Jasmin Paris with daughter Rowan after winning the 2019 Spine Race. Photograph: Yann Besrest-Butler/MONTANE® Spine® Race
Jasmin Paris with daughter Rowan after winning the 2019 Spine Race. Photograph: Yann Besrest-Butler/MONTANE® Spine® Race

Jasmin Paris becomes first woman to win 268-mile Montane Spine Race

This article is more than 5 years old

Shattered record while beating all male and female rivals
Runner expressed breast milk for her baby at aid stations

The British ultrarunner Jasmin Paris is celebrating after becoming the first woman to win the gruelling 268-mile Montane Spine Race along the Pennine Way. What made the performance even more extraordinary was that she shattered the course record by 12 hours – while also expressing breast milk for her baby at aid stations along the route.

Paris, a 35-year-old vet who works at the University of Edinburgh studying acute myeloid leukaemia, is well known in British endurance running circles having won the British women’s fell running championships last year as well as a series of leading ultraraces. However, her performance at the Montane Spine race was undoubtedly the best in her career as she beat all her male and female rivals in completing the course from the Edale in the Peak District to the Kirk Yetholm in the Scottish borders in 83 hours, 12 minutes and 23 seconds.

That time shattered the previous best of 95hrs 17mins set by Eoin Keith in 2016 as Paris became the first woman to win the race outright.

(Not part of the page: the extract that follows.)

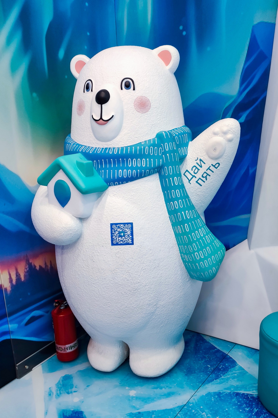 вднх выставка россия инсталляция декор макет медведь Росреестр символ Умный кадастр выставка ВДНХ форум персонаж цифровые сервисы QR код домик двоичный код брендирование государственные услуги презентация интерьер экспозиция официальный стенд декоративный объект публичное пространство арктическая тема 2024Похожие фотографии
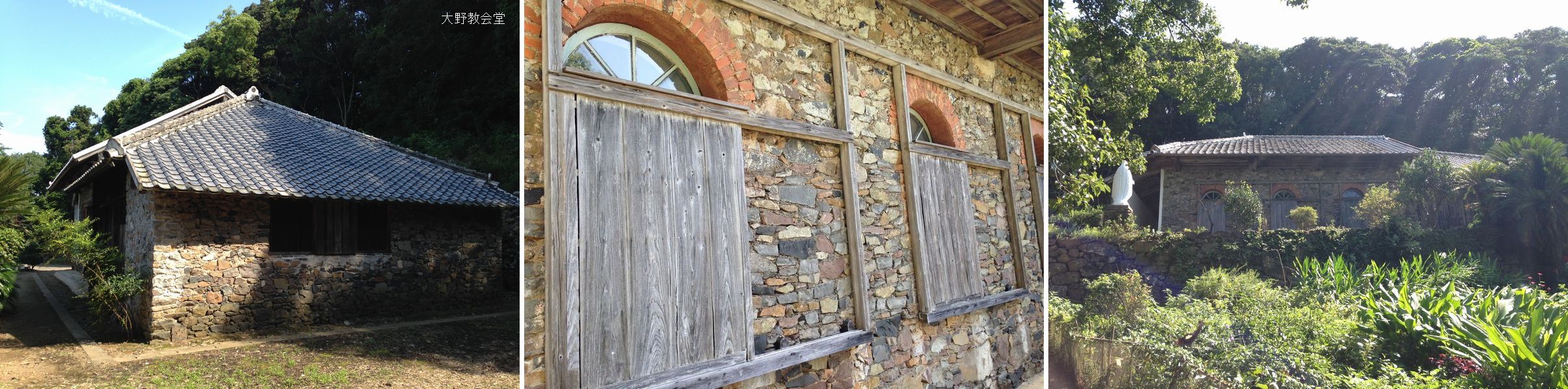 B大野教会堂 独特な壁。これにもド・ロ神父の名が冠されている。明治26年に設計した巡回教会。重文でも、ある。

The previous female race record was 109hr 54min set by Carol Morgan in 2017.

After the race, in which runners carry their own kit throughout and rest only when essential, Paris admitted to having hallucinations in the later stages.

“It is really tough,” said Paris after running along the full Pennine Way through the Peak District, Yorkshire Dales, North Pennines and over Hadrian’s Wall in Northumberland to the Cheviots. “Two thirds of the time it is dark and it is completely different from any race I’ve run before because it is non-stop. You have the whole challenge of when to sleep and that becomes very tactical, and then you’re sleep-deprived.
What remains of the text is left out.